- [Task prompt]: Only one span of the material below is wanted. Output it exactly, from the line with "體育資訊4月11日訊 NBA常規賽,森林狼半場69-73落后于火箭。" through the line with "5. 이제 의료기관 구분을 체크하고 지역을 선택하고 아래쪽 검색을 클릭한다.", without any pictures.

- [Extracted entries]:
####################
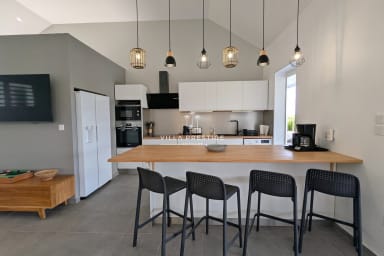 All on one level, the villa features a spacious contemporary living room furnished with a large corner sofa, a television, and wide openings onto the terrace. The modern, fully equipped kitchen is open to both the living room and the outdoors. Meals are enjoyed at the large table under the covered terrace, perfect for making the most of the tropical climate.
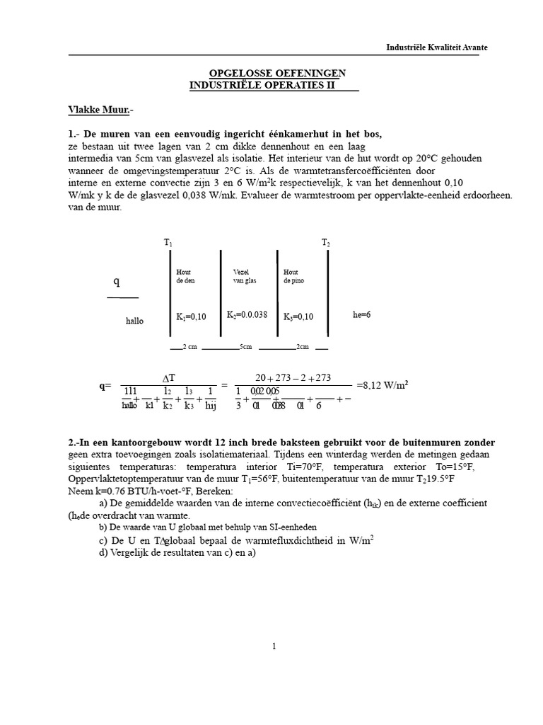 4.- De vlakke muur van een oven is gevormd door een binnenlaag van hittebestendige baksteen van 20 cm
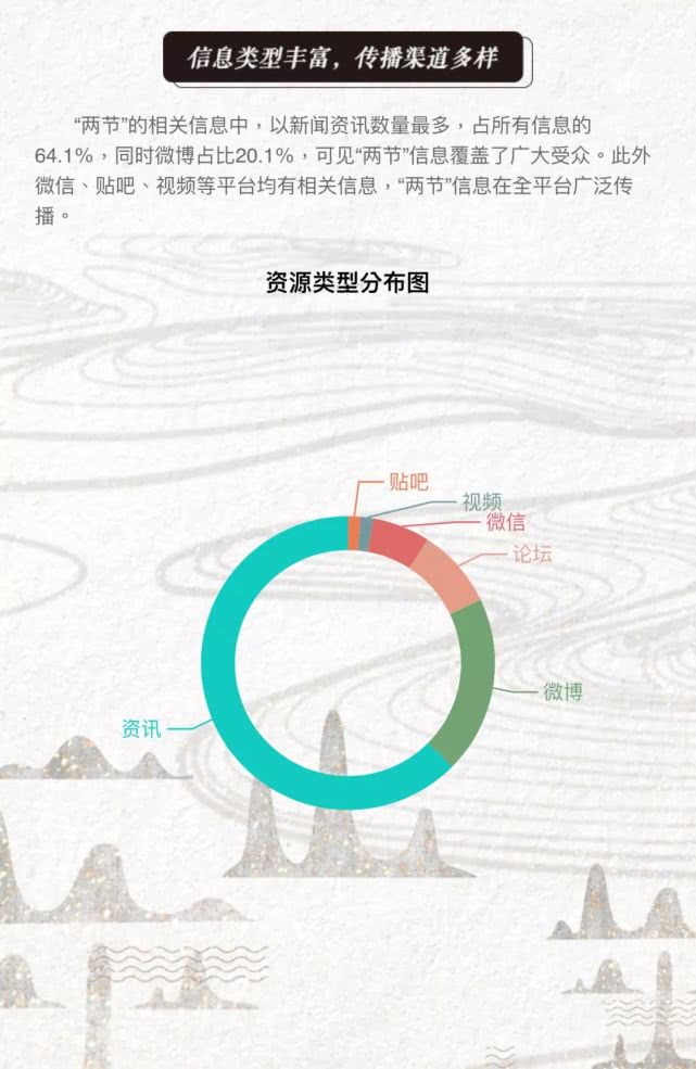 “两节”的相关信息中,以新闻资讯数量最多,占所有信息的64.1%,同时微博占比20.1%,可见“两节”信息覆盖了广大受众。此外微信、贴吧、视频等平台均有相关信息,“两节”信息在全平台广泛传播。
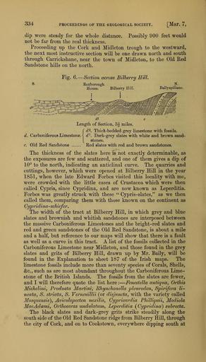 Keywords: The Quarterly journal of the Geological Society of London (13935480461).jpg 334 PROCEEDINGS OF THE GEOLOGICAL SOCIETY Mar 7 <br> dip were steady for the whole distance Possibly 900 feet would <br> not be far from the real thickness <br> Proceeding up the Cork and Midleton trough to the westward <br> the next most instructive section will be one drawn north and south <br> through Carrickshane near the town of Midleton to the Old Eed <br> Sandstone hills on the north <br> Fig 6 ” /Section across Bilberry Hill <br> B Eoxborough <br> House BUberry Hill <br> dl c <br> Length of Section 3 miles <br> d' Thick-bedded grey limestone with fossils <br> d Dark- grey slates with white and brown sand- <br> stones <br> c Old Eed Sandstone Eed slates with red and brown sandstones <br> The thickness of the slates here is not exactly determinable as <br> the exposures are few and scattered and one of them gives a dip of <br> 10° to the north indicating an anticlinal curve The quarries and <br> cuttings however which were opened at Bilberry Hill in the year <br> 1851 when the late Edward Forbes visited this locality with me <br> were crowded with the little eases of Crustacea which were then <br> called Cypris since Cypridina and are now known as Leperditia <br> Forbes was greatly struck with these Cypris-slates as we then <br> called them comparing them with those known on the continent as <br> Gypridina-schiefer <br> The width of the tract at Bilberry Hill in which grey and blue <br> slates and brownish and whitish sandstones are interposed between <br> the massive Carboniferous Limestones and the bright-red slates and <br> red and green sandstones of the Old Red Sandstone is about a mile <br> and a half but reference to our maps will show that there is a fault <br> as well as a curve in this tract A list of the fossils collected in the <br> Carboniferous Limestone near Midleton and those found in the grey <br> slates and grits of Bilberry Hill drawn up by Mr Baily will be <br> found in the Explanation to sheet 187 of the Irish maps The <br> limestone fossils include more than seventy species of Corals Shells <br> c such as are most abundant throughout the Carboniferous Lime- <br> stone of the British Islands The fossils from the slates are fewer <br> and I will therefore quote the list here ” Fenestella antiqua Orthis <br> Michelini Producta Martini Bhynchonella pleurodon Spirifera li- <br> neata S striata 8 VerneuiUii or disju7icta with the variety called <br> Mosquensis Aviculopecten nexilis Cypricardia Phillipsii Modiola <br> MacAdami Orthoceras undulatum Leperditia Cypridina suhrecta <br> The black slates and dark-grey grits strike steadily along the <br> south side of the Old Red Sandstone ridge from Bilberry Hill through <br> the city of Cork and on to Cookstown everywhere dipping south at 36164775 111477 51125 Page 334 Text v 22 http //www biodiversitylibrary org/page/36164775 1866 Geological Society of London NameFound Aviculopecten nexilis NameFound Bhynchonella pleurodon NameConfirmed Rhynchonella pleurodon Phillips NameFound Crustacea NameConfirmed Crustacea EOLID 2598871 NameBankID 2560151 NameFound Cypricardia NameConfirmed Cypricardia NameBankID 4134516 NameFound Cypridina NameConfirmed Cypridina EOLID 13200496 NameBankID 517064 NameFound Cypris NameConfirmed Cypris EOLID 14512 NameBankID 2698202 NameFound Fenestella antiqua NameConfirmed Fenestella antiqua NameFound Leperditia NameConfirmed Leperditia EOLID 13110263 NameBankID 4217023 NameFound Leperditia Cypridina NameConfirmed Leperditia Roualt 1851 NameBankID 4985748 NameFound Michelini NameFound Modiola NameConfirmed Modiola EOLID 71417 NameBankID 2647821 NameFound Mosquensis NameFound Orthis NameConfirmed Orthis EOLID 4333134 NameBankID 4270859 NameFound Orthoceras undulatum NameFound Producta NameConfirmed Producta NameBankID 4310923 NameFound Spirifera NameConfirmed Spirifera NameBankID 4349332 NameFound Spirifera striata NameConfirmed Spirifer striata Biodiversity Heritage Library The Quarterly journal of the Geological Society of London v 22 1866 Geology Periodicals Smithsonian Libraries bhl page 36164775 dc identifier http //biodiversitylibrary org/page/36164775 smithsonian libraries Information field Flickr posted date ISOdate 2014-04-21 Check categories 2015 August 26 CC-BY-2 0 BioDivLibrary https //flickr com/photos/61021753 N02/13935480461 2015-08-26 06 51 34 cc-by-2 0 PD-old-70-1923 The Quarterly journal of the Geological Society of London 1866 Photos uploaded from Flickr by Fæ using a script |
####################
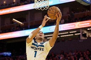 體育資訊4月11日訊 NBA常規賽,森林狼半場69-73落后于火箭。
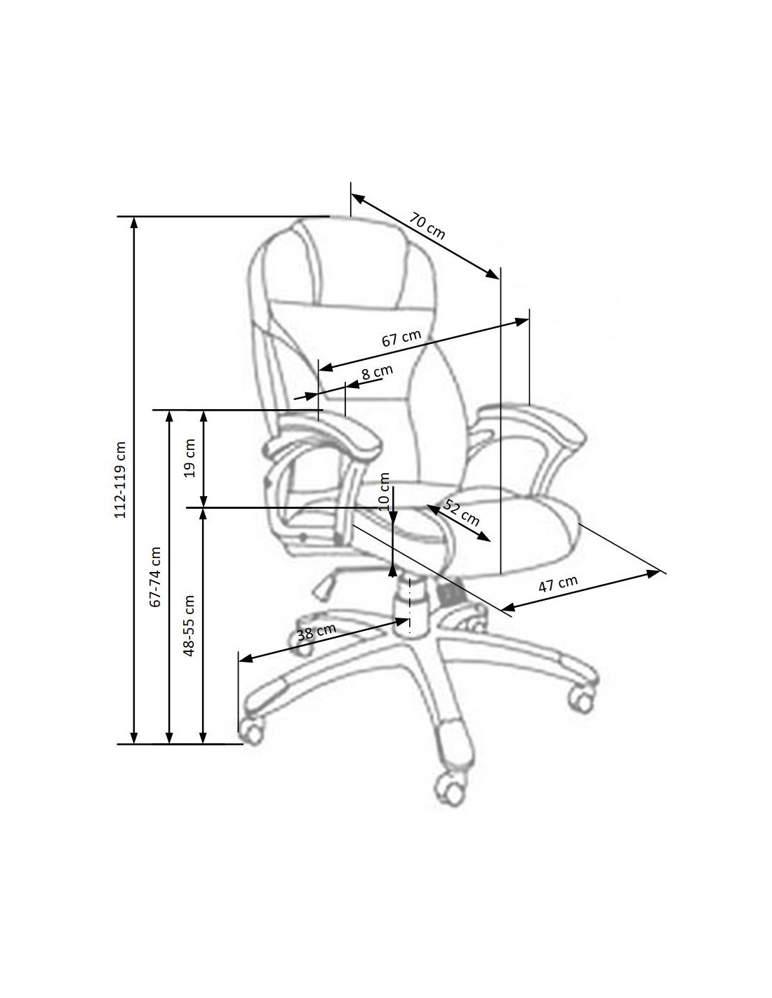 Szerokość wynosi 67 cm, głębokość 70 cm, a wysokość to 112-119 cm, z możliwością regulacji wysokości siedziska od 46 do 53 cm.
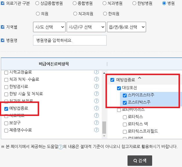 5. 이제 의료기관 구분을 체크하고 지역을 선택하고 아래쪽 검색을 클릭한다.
####################
- [Task result]:
 體育資訊4月11日訊 NBA常規賽,森林狼半場69-73落后于火箭。
 Szerokość wynosi 67 cm, głębokość 70 cm, a wysokość to 112-119 cm, z możliwością regulacji wysokości siedziska od 46 do 53 cm.
 5. 이제 의료기관 구분을 체크하고 지역을 선택하고 아래쪽 검색을 클릭한다.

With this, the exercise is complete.